Start of DATA IN THIS EXERCISE

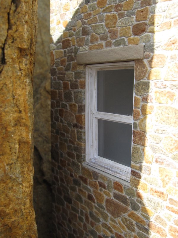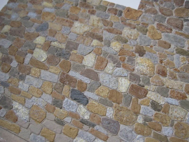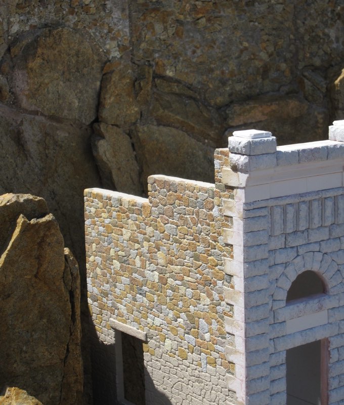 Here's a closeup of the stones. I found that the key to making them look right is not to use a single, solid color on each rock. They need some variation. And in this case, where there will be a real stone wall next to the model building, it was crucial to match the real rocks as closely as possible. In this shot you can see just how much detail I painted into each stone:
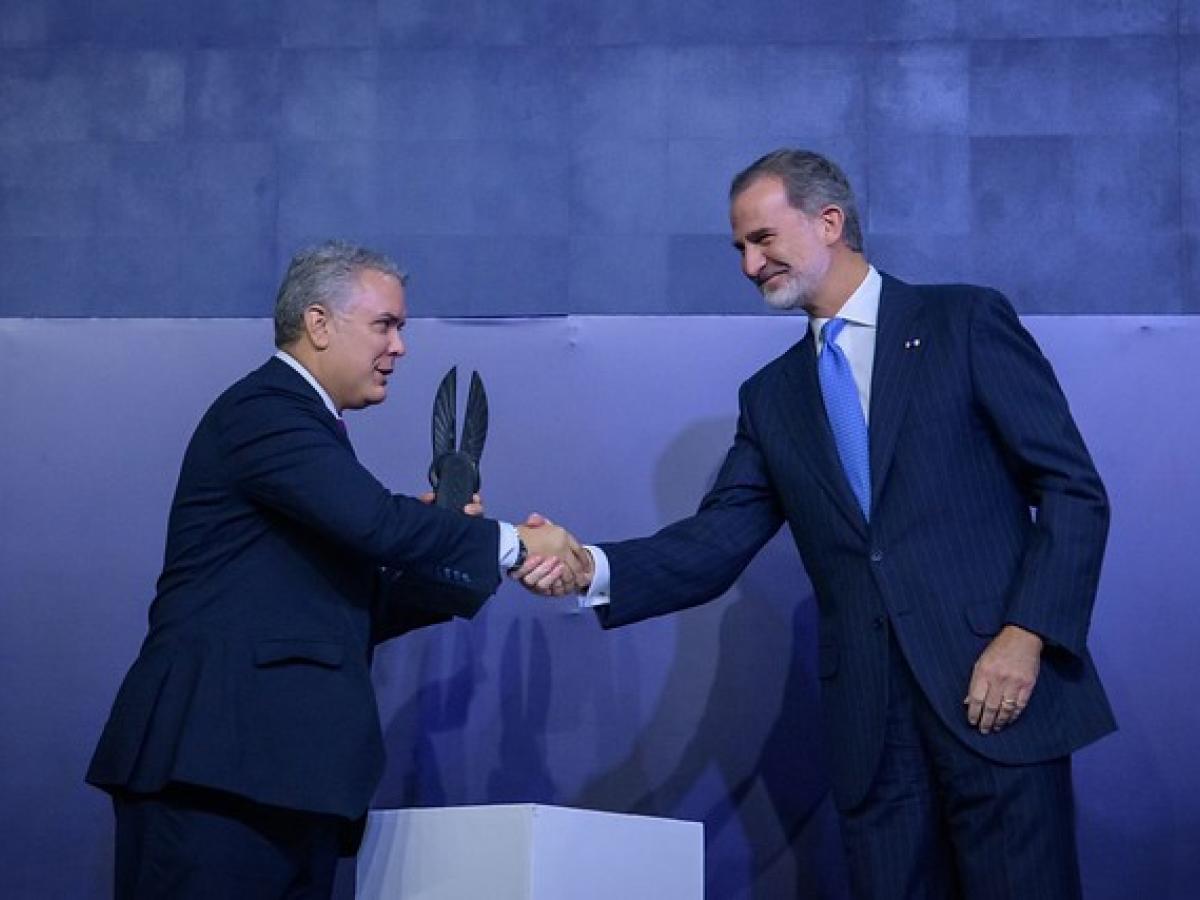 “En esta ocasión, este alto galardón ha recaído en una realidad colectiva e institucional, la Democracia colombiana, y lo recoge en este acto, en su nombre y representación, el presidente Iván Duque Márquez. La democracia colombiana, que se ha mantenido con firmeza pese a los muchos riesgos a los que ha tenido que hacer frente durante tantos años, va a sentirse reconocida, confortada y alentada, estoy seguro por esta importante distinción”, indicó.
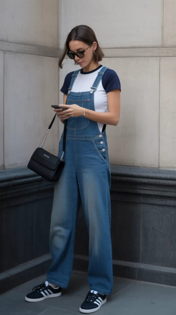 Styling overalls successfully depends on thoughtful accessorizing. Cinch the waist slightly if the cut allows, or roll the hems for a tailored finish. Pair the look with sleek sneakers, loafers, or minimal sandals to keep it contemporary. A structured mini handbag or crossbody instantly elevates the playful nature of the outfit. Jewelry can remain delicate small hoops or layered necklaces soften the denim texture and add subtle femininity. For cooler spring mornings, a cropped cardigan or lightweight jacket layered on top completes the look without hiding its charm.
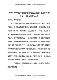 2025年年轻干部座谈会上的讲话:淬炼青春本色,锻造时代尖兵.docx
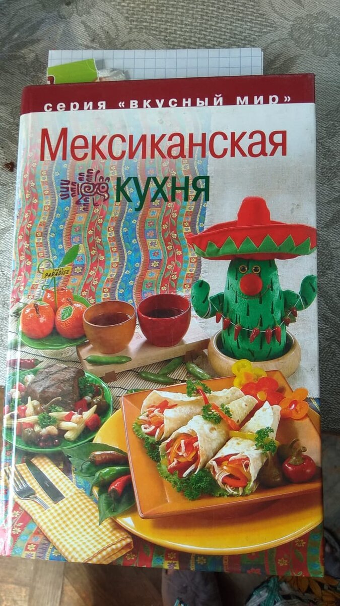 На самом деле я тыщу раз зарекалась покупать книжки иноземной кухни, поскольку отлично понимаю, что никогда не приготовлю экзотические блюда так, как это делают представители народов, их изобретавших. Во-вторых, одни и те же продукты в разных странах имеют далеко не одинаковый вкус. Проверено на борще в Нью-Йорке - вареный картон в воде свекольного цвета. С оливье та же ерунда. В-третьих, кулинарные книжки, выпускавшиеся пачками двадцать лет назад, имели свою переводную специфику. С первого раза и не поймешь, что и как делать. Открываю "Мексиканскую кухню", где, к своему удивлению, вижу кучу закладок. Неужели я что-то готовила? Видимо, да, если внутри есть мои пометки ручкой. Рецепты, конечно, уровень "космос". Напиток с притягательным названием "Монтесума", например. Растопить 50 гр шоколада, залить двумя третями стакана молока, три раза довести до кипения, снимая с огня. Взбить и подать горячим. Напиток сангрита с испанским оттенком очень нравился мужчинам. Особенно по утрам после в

End of DATA IN THIS EXERCISE

• _ABOUT THIS EXERCISE_: Your copy should match the records word for word, with the pictures removed.

• _OUTPUT OF THE EXERCISE_:
 Here's a closeup of the stones. I found that the key to making them look right is not to use a single, solid color on each rock. They need some variation. And in this case, where there will be a real stone wall next to the model building, it was crucial to match the real rocks as closely as possible. In this shot you can see just how much detail I painted into each stone:
 “En esta ocasión, este alto galardón ha recaído en una realidad colectiva e institucional, la Democracia colombiana, y lo recoge en este acto, en su nombre y representación, el presidente Iván Duque Márquez. La democracia colombiana, que se ha mantenido con firmeza pese a los muchos riesgos a los que ha tenido que hacer frente durante tantos años, va a sentirse reconocida, confortada y alentada, estoy seguro por esta importante distinción”, indicó.
 Styling overalls successfully depends on thoughtful accessorizing. Cinch the waist slightly if the cut allows, or roll the hems for a tailored finish. Pair the look with sleek sneakers, loafers, or minimal sandals to keep it contemporary. A structured mini handbag or crossbody instantly elevates the playful nature of the outfit. Jewelry can remain delicate small hoops or layered necklaces soften the denim texture and add subtle femininity. For cooler spring mornings, a cropped cardigan or lightweight jacket layered on top completes the look without hiding its charm.
 2025年年轻干部座谈会上的讲话:淬炼青春本色,锻造时代尖兵.docx
 На самом деле я тыщу раз зарекалась покупать книжки иноземной кухни, поскольку отлично понимаю, что никогда не приготовлю экзотические блюда так, как это делают представители народов, их изобретавших. Во-вторых, одни и те же продукты в разных странах имеют далеко не одинаковый вкус. Проверено на борще в Нью-Йорке - вареный картон в воде свекольного цвета. С оливье та же ерунда. В-третьих, кулинарные книжки, выпускавшиеся пачками двадцать лет назад, имели свою переводную специфику. С первого раза и не поймешь, что и как делать. Открываю "Мексиканскую кухню", где, к своему удивлению, вижу кучу закладок. Неужели я что-то готовила? Видимо, да, если внутри есть мои пометки ручкой. Рецепты, конечно, уровень "космос". Напиток с притягательным названием "Монтесума", например. Растопить 50 гр шоколада, залить двумя третями стакана молока, три раза довести до кипения, снимая с огня. Взбить и подать горячим. Напиток сангрита с испанским оттенком очень нравился мужчинам. Особенно по утрам после в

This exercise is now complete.